Batteries are direct current (DC) devices: current flows in one way (during charging) and out the other (during discharging). But most of us live in homes with alternating current (AC) supplies, so plug-in battery chargers have to convert AC electricity to DC before they can charge the batteries you want to put into them. Exactly how they do this affects the quality of the DC charging current and how cleanly and effectively they charge.

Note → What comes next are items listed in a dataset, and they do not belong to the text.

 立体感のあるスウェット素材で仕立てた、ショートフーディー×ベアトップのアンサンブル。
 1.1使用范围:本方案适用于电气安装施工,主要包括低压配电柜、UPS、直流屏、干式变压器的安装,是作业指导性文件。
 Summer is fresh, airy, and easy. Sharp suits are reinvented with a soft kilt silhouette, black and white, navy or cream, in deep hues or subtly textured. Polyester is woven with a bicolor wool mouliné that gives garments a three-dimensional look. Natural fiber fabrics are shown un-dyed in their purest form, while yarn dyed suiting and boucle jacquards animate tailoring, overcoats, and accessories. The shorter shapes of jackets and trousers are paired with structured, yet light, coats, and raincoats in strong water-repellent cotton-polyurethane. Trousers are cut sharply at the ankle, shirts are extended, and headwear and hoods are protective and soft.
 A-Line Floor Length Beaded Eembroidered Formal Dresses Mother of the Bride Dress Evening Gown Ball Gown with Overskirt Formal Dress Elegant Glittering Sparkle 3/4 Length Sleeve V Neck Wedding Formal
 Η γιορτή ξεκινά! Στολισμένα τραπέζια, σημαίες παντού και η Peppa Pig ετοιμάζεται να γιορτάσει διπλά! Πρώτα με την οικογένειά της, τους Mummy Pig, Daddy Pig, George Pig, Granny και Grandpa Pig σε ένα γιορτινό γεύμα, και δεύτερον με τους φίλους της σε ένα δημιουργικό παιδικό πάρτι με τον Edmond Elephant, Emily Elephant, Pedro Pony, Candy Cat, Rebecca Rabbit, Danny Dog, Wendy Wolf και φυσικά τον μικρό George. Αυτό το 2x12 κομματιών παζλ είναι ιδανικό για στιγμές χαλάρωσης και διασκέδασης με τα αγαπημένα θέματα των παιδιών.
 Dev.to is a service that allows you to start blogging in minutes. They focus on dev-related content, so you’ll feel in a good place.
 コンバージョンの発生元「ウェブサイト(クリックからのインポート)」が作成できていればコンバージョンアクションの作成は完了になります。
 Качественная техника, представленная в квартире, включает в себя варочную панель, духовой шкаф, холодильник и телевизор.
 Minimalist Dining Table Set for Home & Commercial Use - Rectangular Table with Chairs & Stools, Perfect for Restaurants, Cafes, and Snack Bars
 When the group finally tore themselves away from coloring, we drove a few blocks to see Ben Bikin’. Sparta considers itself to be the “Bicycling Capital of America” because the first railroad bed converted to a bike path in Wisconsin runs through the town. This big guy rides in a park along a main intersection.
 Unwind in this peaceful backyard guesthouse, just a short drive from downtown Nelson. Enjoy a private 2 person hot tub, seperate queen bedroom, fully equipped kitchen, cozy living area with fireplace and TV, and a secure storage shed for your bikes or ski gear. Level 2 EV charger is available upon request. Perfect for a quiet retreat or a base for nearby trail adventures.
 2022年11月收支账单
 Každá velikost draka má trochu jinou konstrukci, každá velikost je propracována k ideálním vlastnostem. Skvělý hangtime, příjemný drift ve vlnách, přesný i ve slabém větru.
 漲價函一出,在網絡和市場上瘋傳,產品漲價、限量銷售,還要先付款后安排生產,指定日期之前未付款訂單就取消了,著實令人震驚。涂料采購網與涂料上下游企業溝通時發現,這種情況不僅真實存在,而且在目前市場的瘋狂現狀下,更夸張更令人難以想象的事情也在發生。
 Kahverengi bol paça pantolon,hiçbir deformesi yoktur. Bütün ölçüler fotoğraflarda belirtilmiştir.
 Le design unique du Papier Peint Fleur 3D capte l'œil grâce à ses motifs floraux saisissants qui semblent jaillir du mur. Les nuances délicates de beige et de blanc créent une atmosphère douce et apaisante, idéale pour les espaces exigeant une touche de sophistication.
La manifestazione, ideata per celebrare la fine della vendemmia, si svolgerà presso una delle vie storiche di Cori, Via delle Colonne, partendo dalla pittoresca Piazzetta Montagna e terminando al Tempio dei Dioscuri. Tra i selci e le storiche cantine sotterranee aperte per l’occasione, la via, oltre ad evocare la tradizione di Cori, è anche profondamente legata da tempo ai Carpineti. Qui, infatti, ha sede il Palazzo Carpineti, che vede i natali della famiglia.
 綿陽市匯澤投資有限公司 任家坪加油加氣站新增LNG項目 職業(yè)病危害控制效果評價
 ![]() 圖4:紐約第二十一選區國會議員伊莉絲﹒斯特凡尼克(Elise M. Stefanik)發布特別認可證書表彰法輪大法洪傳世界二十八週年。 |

Typically, AC-powered chargers use some combination of step-down transformers (to convert high voltages, typically 110–240 volts, to lower ones more like 1.5–20 volts); rectifiers (diode-type circuits) and thyristors (silicon controlled rectifiers), to convert AC to DC; and integrated circuits to filter and smooth their output.

Charging different kinds of rechargeable batteries

To complicate matters, different types of rechargeable batteries respond best to different types of charging, so a charger suitable for one type of battery may not work well with another.

Nickel-based batteries

Photos: An electric toothbrush typically contains either nicad or NiMH batteries and slowly or trickle charges on a stand, which is actually an induction charger.

Nickel cadmium (also called "nicad" or NiCd), the oldest and perhaps still best known types of everyday rechargeable batteries, respond best either to fairly rapid charging (providing it doesn't make them hot) or slow trickle charging. [10]

Nickel metal hydride (NiMH) batteries use newer technology and look exactly the same as nicads, but they're generally more expensive because they can store more charge (shown on the battery packaging as a higher rating in mAH or milliampere-hours). NiMH batteries can be fast charged (on high current for several hours, at the risk of overheating), slow charged (for about 12–16 hours using a lower current), or briefly trickle charged (with a much lower current than nicad), but they should really be charged only with an NiMH charger: a rapid nicad charger may overcharge NiMH batteries.

Expert opinions seem to differ on whether nickel batteries experience what's widely known as the memory effect. This is the well-reported phenomenon where failure to discharge a nickel-based battery before charging (when you're "topping up" a partly discharged battery with a quick recharge) reputedly causes permanent chemical changes that reduce how much charge the battery will accept in future. Some people swear the memory effort is real; others are equally insistent that it's a myth. The real explanation for an apparent memory effect is voltage depression, where a battery that hasn't been fully discharged before charging temporarily "thinks" it has a lower voltage and charge-storing capacity than it should have. Battery experts insist you can cure this problem by charging and discharging a battery fully a few times more.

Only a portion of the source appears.